Anche questa è una storia incredibile: ci trasferimmo nel 1981 e, a pochi mesi, intervenne una di quelle crisi tipiche di un settore con andamento ciclico come il ceramico, che durò fino al 1986. Non poteva capitare in un momento peggiore: avevamo sulle spalle l’investimento per la costruzione del capannone, per il trasloco di tutti gli impianti e per l’acquisizione di due macchine in più rispetto a quelle che avevamo nella vecchia sede. Naturalmente, le aziende nostre clienti erano a corto di liquidità oppure facevano finta di non averne, quindi, pagavano in natura: al posto dei soldi, che ci dovevano per gli stampi acquistati, ci davano piastrelle. A un certo punto, il cortile della nostra azienda non aveva più posto per gli stampi. Così, non ci restava che diventare “commercianti di piastrelle”: sempre grazie alle amicizie, incontrammo alcuni bravi venditori, che riuscirono a portare le nostre scorte in tutto il mondo, in particolare nei paesi asiatici; con “lauti guadagni”, perché compravamo a 6000 lire al metro quadro e vendevamo a 5000, pur di monetizzare. Avevamo un disperato bisogno di soldi perché dovevamo pagare i debiti.
Ma all’epoca avevate già incominciato a rivolgervi al mercato estero per l’esportazione degli stampi?
Nel 1975, un amico ci presentò un signore, che lavorava nel settore della ceramica e viveva in Francia, il quale ci propose d’introdurci nel mercato francese. Era un avvenimento, perché le ceramiche nostre clienti erano situate nel raggio di qualche centinaio di chilometri, al massimo arrivavamo a Imola e a Faenza. Dopo avere stabilito un accordo con questo signore, constatammo quante difficoltà intervenivano lavorando con quel paese: i francesi non sopportavano gli italiani e facevano di tutto per ostacolarci, pensavano di essere i primi al mondo, invece avevano una tecnologia molto più arretrata rispetto a quella delle aziende di Sassuolo. È stata una battaglia durissima, perché consideravano i prodotti italiani pari a zero. Tuttavia, una ceramica dopo l’altra, siamo riusciti a conquistare una buona fetta del mercato francese.

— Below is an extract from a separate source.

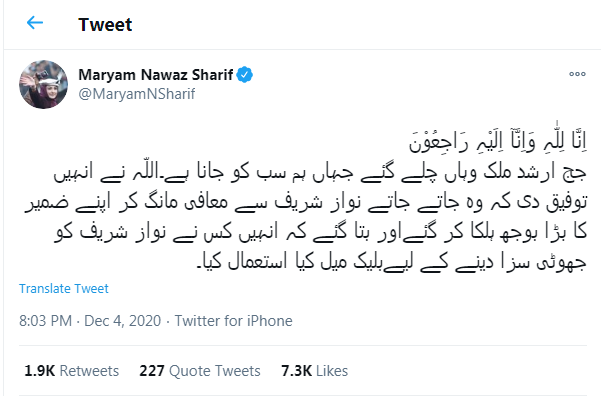 پاکستان مسلم لیگ (ن) کی نائب صدر مریم نواز نے سماجی رابطے کی ویب سائٹ پر اپنے ٹوئٹ میں مریم نواز نے لکھا کہ اِنَّا لِلّٰہِ وَاِنَّآ اِلَیْہِ رَاجِعُوْنَ، جج ارشد ملک وہاں چلے گئے جہاں ہم سب کو جانا ہے، اللہ نے انہیں توفیق دی کہ وہ جاتے جاتے نواز شریف سے معافی مانگ کر اپنے ضمیر کا بڑا بوجھ ہلکا کرگئے ، مریم نواز کے مطابق ارشد ملک بتا گئے کہ انہیں کس نے نواز شریف کو جھوٹی سزا دینے کے لیے بلیک میل کرکے استعمال کیا۔
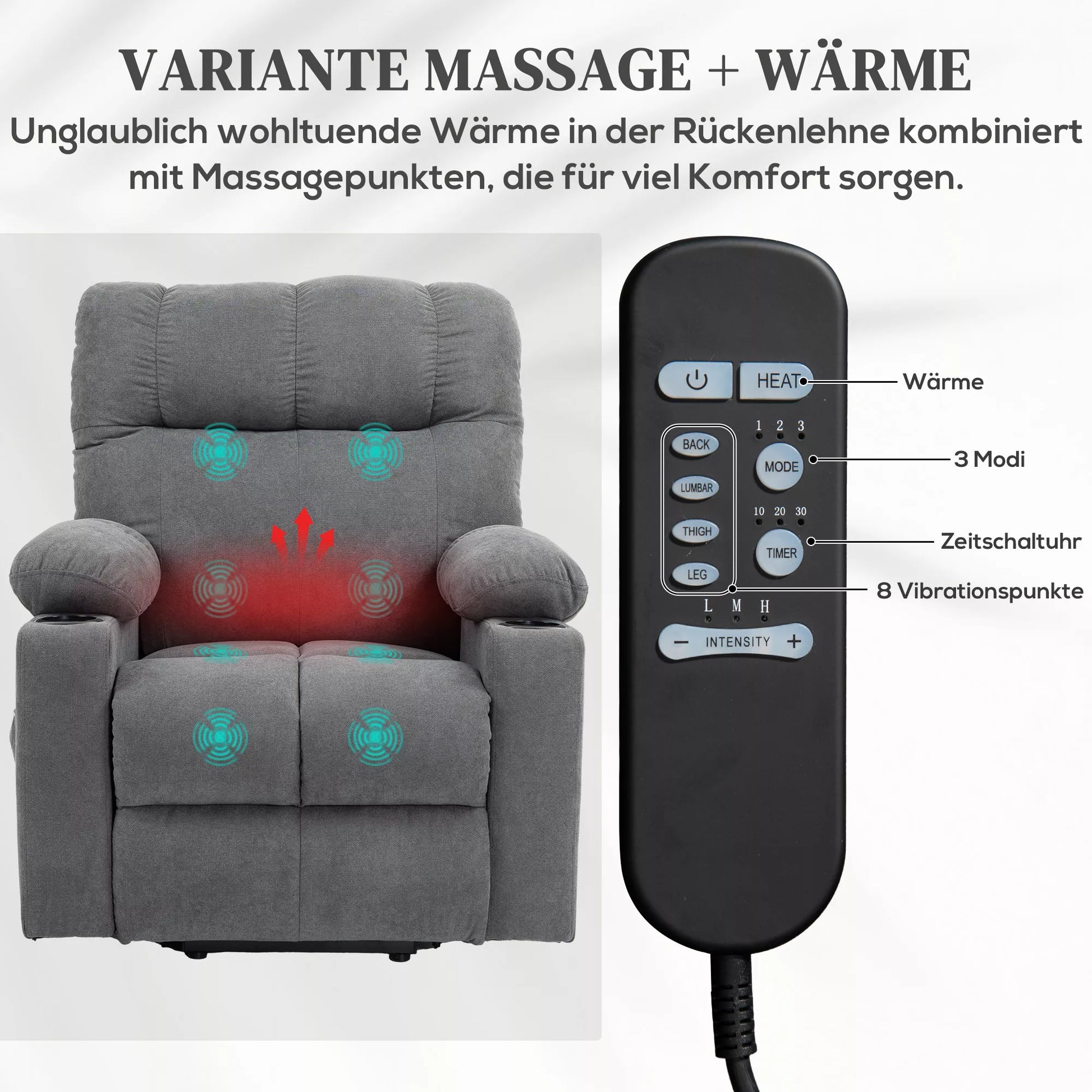 - ✔ Aštuoni vibracijos masažo taškai, trys režimai. Juosmens šildymas

Nel 1985, invece, fu la volta della Germania. Il merito va a una responsabile commerciale che lavora tuttora con noi, Cristina Pennacchioni. Quando me la presentarono, ero un po’ perplesso: cosa avrebbe fatto una donna in mezzo a tanti “omaccioni” ceramisti? Il nostro non era un mestiere per donne. Invece, dovetti ricredermi molto presto: Cristina era molto preparata nella tecnica, aveva un’intelligenza e una memoria di ferro e aveva vissuto in Germania, quindi conosceva la lingua e la cultura tedesche alla perfezione. Da lì a poco, avvennero i primi incontri con un capo fabbrica tedesco, che pian piano incominciò a darci lavoro. Quando effettuammo la prima spedizione di stampi, però, ce li rimandò indietro tutti con un bel resoconto degli errori che aveva trovato, dopo averli smontati completamente per verificarne le misure. Allora, li riparammo in base agli errori che ci aveva contestato e glieli spedimmo di nuovo. Questa volta andarono bene. In due parole, grazie a questa esperienza, imparammo il metodo scientifico di lavoro che hanno i tedeschi, i quali, com’è risaputo, non sono grandi inventori, ma eccellenti esecutori; tant’è che la qualità dei prodotti tedeschi è stata sempre indiscutibile. Cristina, che è stata aiutata anche dal suo approccio nel fare le cose con la massima precisione, dopo il mercato tedesco, ha costruito la nostra rete commerciale in Olanda, in Belgio, in Polonia e in altri paesi d’Europa. È una persona molto preziosa per l’azienda: un matrimonio che dura dal 1985.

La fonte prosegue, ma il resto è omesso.